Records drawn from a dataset

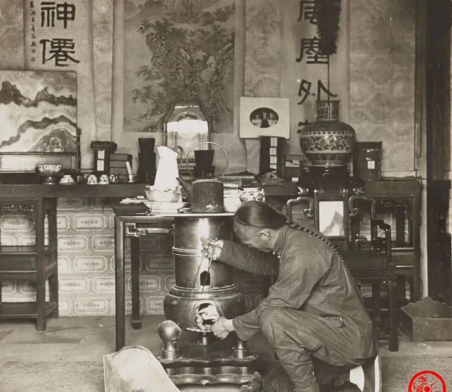 照片里头撑着半间屋子的老式家什,正中一个铜暖壶,炉膛口留着灰,旁边堆着茶杯座钟,大户人家的气派往往体现在这点小物上,烧水的男人蹲在那里添炭,身后挂着字画和大缸,老北京人爱喝茶,能把水烧沸就半天不闲
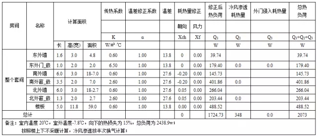 鸿博家园的采暖设计负荷依据:不包括公摊的采暖建筑面积为59m2,室内设计温度20℃,室外设计温度-7.8℃,外墙传热系数0.6w/m2·℃,外窗2.6w/m2·℃,采暖设计负荷为2073W,其中冷风渗透负荷为348W,占16.8%左右,单位面积负荷34.55W/m2,考虑了相邻不采暖的因素,地板向下热损失取15%,则采暖设计供热量为2438.9W。
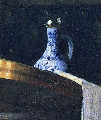 In het stilleven in Frick’s Girl Interrupted at her Music in New York, flonkert een blauw-witte wijnkan met zilveren deksel als een juweel. Vermeer weet als geen ander alledaagse voorwerpen te laten stralen en als een volwaardig personage in de afgebeelde scene boven zichzelf uit te tillen.
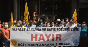 Kamu-Sen ve Memur-Sen'in imzaladığı satış sözleşmesini kabul etmeyen, buna karşı günlerdir grev çağrısı yapan KESK'e bağlı sendikalar Türkiye'nin birçok yerinde iş bıraktı: “Sefalet zammına ve satış sözleşmesine hayır!”
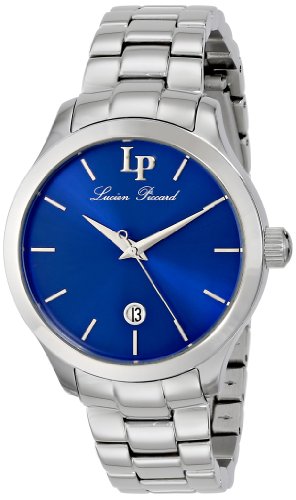 Blue dial with silver tone hands, hour markers and brand initials at 12:00
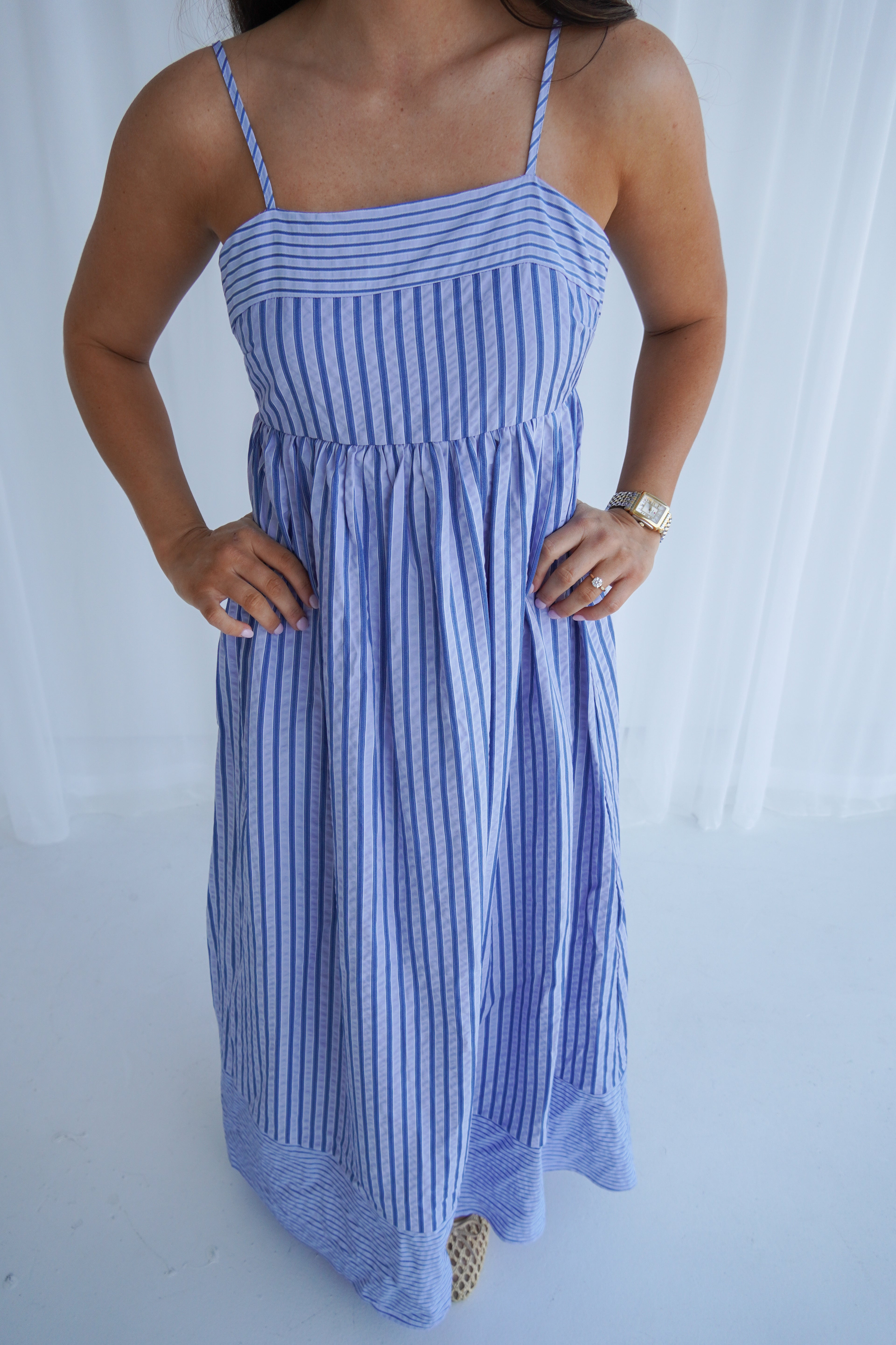This maxi dress features classic blue-and-white vertical stripes for a fresh, nautical vibe. Featuring a square neckline with thin adjustable spaghetti straps, a flowy, maxi-length skirt with a soft hem— this dress is light and breezy, perfect for summer days or tropical vacations.

# Work to be completed
Please reproduce every record exactly as written, excluding the pictures.

# Result below
 照片里头撑着半间屋子的老式家什,正中一个铜暖壶,炉膛口留着灰,旁边堆着茶杯座钟,大户人家的气派往往体现在这点小物上,烧水的男人蹲在那里添炭,身后挂着字画和大缸,老北京人爱喝茶,能把水烧沸就半天不闲
 鸿博家园的采暖设计负荷依据:不包括公摊的采暖建筑面积为59m2,室内设计温度20℃,室外设计温度-7.8℃,外墙传热系数0.6w/m2·℃,外窗2.6w/m2·℃,采暖设计负荷为2073W,其中冷风渗透负荷为348W,占16.8%左右,单位面积负荷34.55W/m2,考虑了相邻不采暖的因素,地板向下热损失取15%,则采暖设计供热量为2438.9W。
 In het stilleven in Frick’s Girl Interrupted at her Music in New York, flonkert een blauw-witte wijnkan met zilveren deksel als een juweel. Vermeer weet als geen ander alledaagse voorwerpen te laten stralen en als een volwaardig personage in de afgebeelde scene boven zichzelf uit te tillen.
 Kamu-Sen ve Memur-Sen'in imzaladığı satış sözleşmesini kabul etmeyen, buna karşı günlerdir grev çağrısı yapan KESK'e bağlı sendikalar Türkiye'nin birçok yerinde iş bıraktı: “Sefalet zammına ve satış sözleşmesine hayır!”
 Blue dial with silver tone hands, hour markers and brand initials at 12:00
This maxi dress features classic blue-and-white vertical stripes for a fresh, nautical vibe. Featuring a square neckline with thin adjustable spaghetti straps, a flowy, maxi-length skirt with a soft hem— this dress is light and breezy, perfect for summer days or tropical vacations.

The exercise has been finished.